* **Supplied material**:
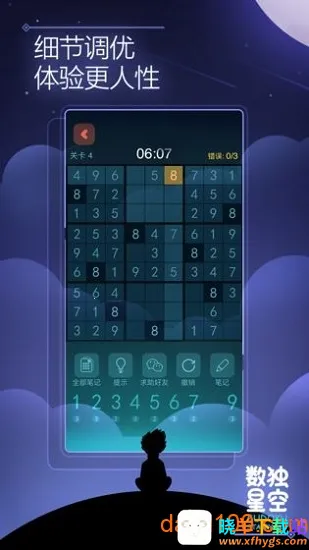 数独星空是一款手机休闲益智数独游戏,画面精致简约,以梦幻星空为主题。关卡众多,四大难度自由切换,题目由冠军及名人出题。其空灵音效、独特设计给玩家安静思考空间,还能提升数学能力,老少皆宜。
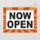 Now Open business advertising card features colourful orange and red sun rays in a retro pattern with bold attention-getting Now Open. Add your business information on the back and use to announce your presence to friends and community.
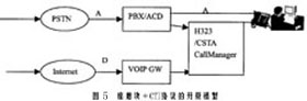 比較有代表性的解決方案有兩種,一種是效仿圖1的做法,在ACD的用戶側(cè)加入VoIP網(wǎng)關(guān),再統(tǒng)一接入(如圖4所示);另一種方法是采用價格比較便宜的IP座席卡,并在Call Manager中加入CTI的有關(guān)協(xié)議模塊(如圖5所示)。

* **What you should do**:
Restate the material above word for word, so that nothing changes except that the pictures are gone.

* **Response for this exercise**:
 数独星空是一款手机休闲益智数独游戏,画面精致简约,以梦幻星空为主题。关卡众多,四大难度自由切换,题目由冠军及名人出题。其空灵音效、独特设计给玩家安静思考空间,还能提升数学能力,老少皆宜。
 Now Open business advertising card features colourful orange and red sun rays in a retro pattern with bold attention-getting Now Open. Add your business information on the back and use to announce your presence to friends and community.
 比較有代表性的解決方案有兩種,一種是效仿圖1的做法,在ACD的用戶側(cè)加入VoIP網(wǎng)關(guān),再統(tǒng)一接入(如圖4所示);另一種方法是采用價格比較便宜的IP座席卡,并在Call Manager中加入CTI的有關(guān)協(xié)議模塊(如圖5所示)。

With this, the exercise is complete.